When you output the records, match them exactly and omit any picture they include.

(Supplied records)

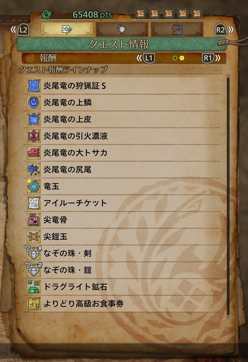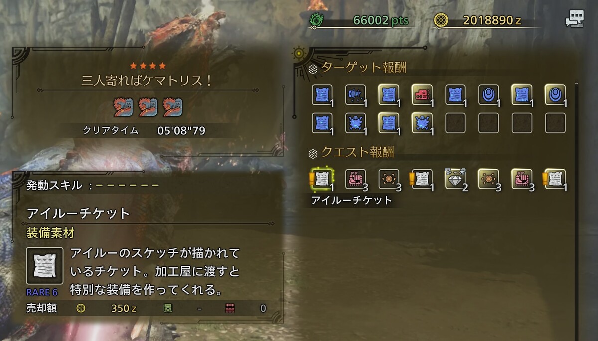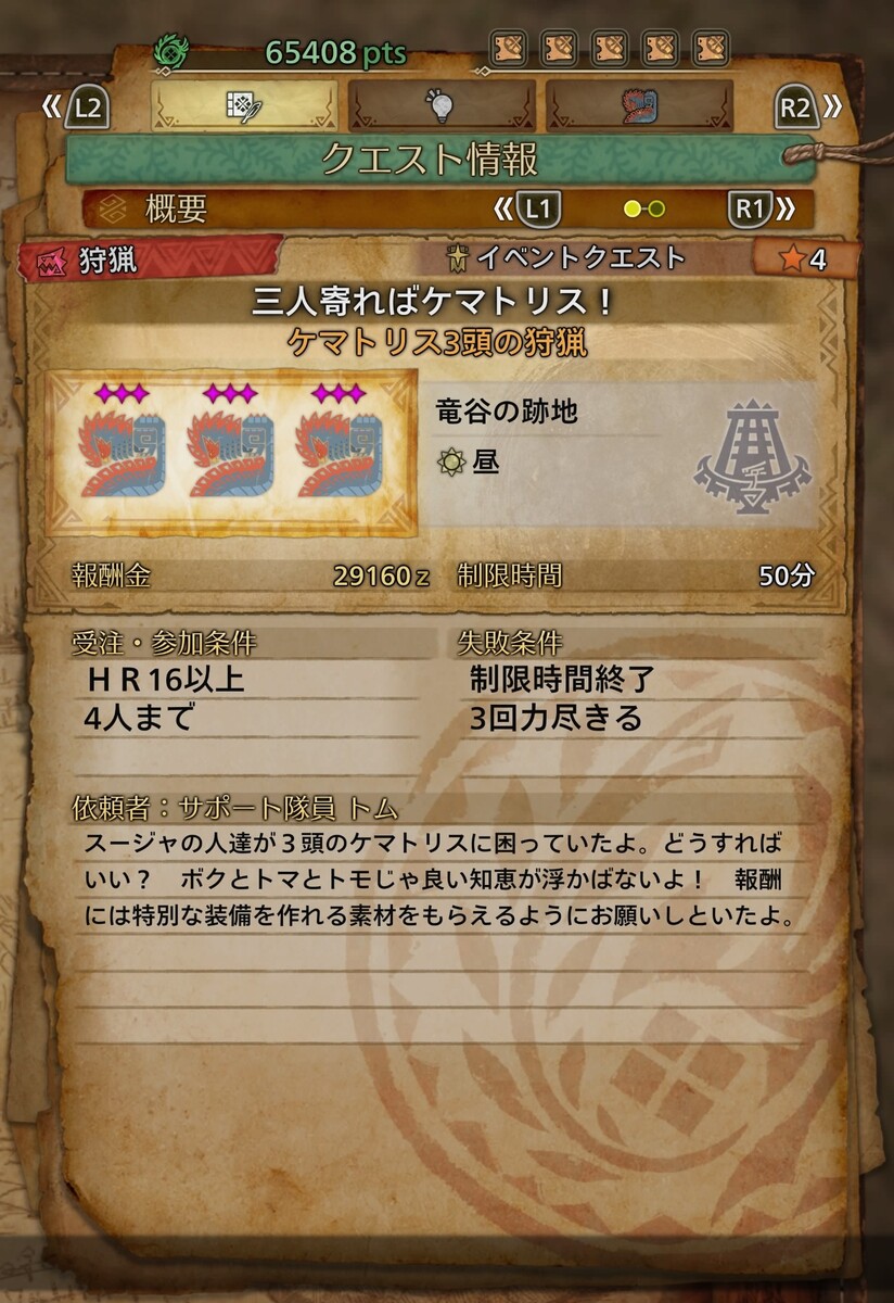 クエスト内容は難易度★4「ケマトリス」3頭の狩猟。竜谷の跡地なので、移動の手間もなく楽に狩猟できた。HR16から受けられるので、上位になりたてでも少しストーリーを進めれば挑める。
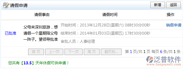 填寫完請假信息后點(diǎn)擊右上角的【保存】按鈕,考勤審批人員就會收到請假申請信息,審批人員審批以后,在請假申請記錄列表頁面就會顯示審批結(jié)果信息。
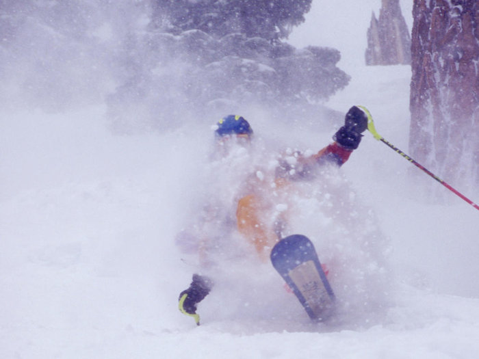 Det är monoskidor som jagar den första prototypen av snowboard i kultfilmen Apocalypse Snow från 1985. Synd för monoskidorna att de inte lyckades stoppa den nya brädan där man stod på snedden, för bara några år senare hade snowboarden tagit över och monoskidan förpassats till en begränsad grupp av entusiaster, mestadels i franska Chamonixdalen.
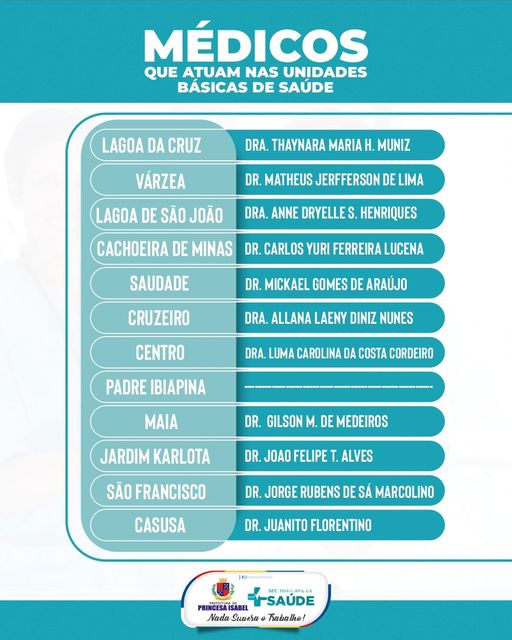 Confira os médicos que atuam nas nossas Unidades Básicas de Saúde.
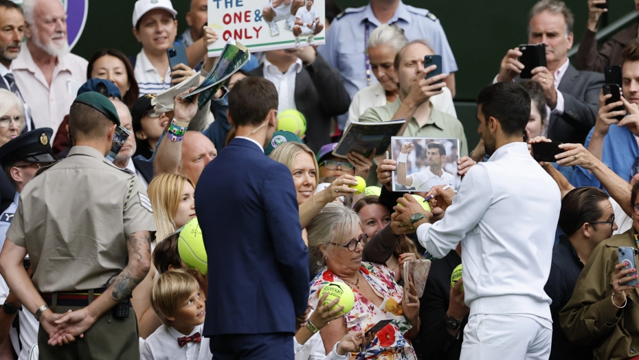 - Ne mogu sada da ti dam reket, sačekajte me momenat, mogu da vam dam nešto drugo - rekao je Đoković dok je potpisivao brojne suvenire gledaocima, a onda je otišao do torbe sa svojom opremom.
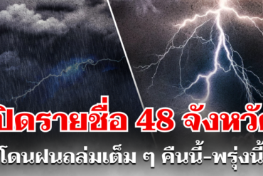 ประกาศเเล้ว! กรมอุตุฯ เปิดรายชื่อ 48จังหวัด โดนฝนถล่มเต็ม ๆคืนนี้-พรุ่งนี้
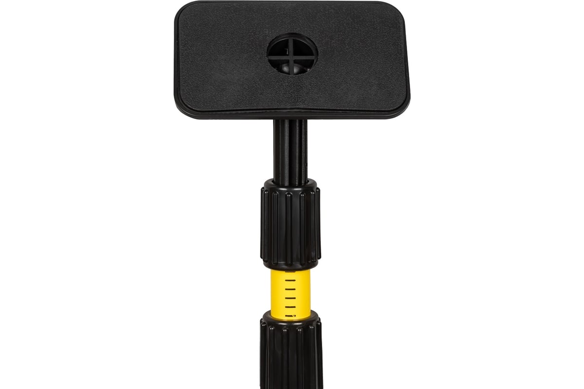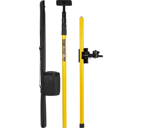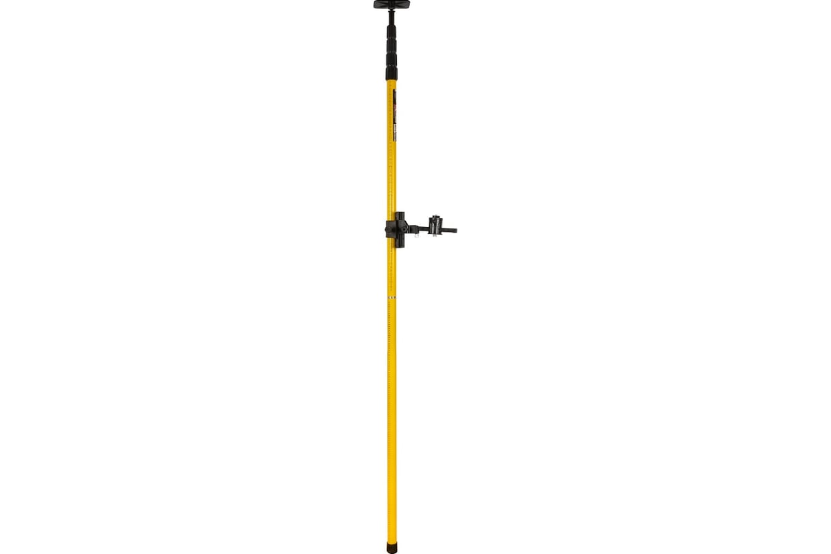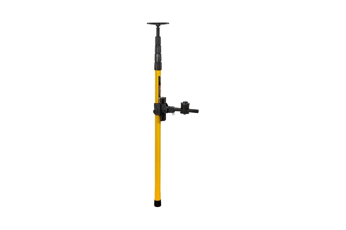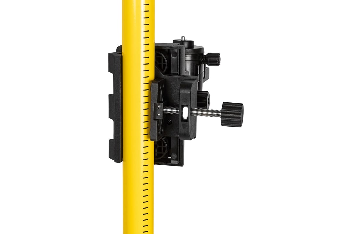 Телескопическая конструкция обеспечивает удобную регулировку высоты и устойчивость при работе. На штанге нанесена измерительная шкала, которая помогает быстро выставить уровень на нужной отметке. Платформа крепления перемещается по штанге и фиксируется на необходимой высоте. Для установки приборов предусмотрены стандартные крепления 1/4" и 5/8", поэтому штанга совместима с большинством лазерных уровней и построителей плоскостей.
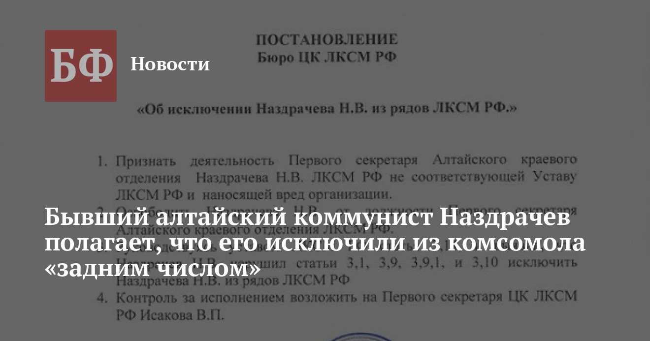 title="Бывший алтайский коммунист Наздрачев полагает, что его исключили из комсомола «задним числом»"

(End Supplied records)

Task result>
 クエスト内容は難易度★4「ケマトリス」3頭の狩猟。竜谷の跡地なので、移動の手間もなく楽に狩猟できた。HR16から受けられるので、上位になりたてでも少しストーリーを進めれば挑める。
 填寫完請假信息后點(diǎn)擊右上角的【保存】按鈕,考勤審批人員就會收到請假申請信息,審批人員審批以后,在請假申請記錄列表頁面就會顯示審批結(jié)果信息。
 Det är monoskidor som jagar den första prototypen av snowboard i kultfilmen Apocalypse Snow från 1985. Synd för monoskidorna att de inte lyckades stoppa den nya brädan där man stod på snedden, för bara några år senare hade snowboarden tagit över och monoskidan förpassats till en begränsad grupp av entusiaster, mestadels i franska Chamonixdalen.
 Confira os médicos que atuam nas nossas Unidades Básicas de Saúde.
 - Ne mogu sada da ti dam reket, sačekajte me momenat, mogu da vam dam nešto drugo - rekao je Đoković dok je potpisivao brojne suvenire gledaocima, a onda je otišao do torbe sa svojom opremom.
 ประกาศเเล้ว! กรมอุตุฯ เปิดรายชื่อ 48จังหวัด โดนฝนถล่มเต็ม ๆคืนนี้-พรุ่งนี้
 Телескопическая конструкция обеспечивает удобную регулировку высоты и устойчивость при работе. На штанге нанесена измерительная шкала, которая помогает быстро выставить уровень на нужной отметке. Платформа крепления перемещается по штанге и фиксируется на необходимой высоте. Для установки приборов предусмотрены стандартные крепления 1/4" и 5/8", поэтому штанга совместима с большинством лазерных уровней и построителей плоскостей.
 title="Бывший алтайский коммунист Наздрачев полагает, что его исключили из комсомола «задним числом»"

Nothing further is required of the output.